DATASET EXTRACT:
----

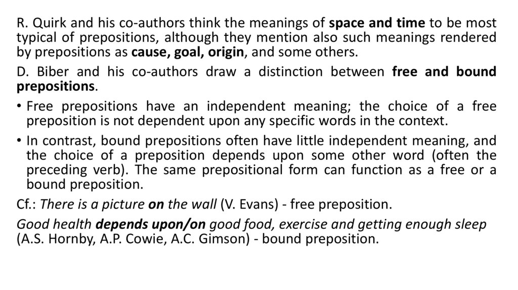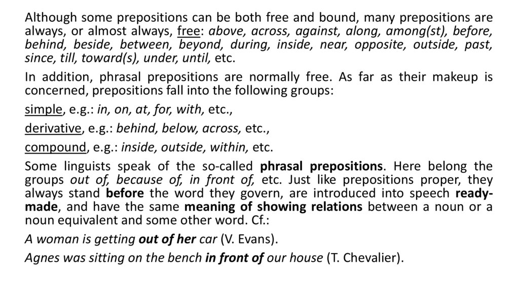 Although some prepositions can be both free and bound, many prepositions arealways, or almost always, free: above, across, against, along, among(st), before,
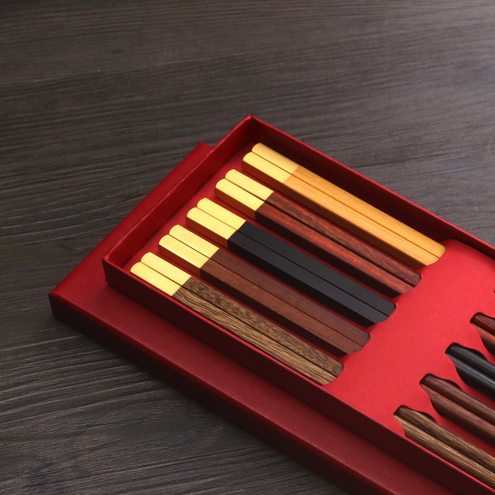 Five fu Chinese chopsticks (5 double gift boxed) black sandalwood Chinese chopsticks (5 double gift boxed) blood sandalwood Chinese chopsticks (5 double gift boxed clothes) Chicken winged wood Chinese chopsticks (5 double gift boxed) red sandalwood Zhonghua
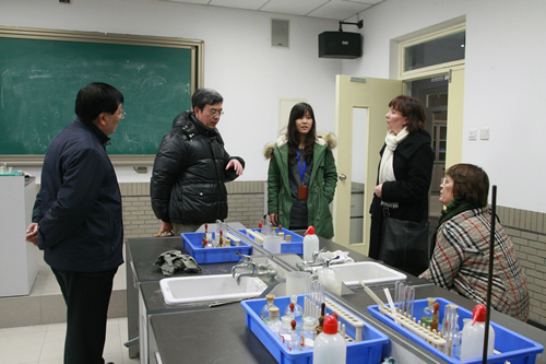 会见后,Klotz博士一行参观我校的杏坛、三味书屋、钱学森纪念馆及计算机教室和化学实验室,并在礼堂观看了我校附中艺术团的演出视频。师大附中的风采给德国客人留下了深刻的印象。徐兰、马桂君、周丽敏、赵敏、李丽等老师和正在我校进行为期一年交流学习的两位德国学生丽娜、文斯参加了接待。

----

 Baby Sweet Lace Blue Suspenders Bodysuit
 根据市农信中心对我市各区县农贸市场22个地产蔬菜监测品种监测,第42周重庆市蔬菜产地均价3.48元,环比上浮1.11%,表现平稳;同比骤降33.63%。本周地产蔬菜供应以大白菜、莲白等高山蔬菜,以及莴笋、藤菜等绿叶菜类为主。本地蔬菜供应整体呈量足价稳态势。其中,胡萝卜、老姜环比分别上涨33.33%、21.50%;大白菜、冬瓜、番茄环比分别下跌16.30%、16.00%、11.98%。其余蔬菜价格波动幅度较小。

----

PROBLEM STATEMENT:
Print the lines above from the one with "Baby Sweet Lace Blue Suspenders Bodysuit" through the one with "根据市农信中心对我市各区县农", both included, exactly as written and nothing more.

ANSWER BOX:
 Baby Sweet Lace Blue Suspenders Bodysuit
 根据市农信中心对我市各区县农贸市场22个地产蔬菜监测品种监测,第42周重庆市蔬菜产地均价3.48元,环比上浮1.11%,表现平稳;同比骤降33.63%。本周地产蔬菜供应以大白菜、莲白等高山蔬菜,以及莴笋、藤菜等绿叶菜类为主。本地蔬菜供应整体呈量足价稳态势。其中,胡萝卜、老姜环比分别上涨33.33%、21.50%;大白菜、冬瓜、番茄环比分别下跌16.30%、16.00%、11.98%。其余蔬菜价格波动幅度较小。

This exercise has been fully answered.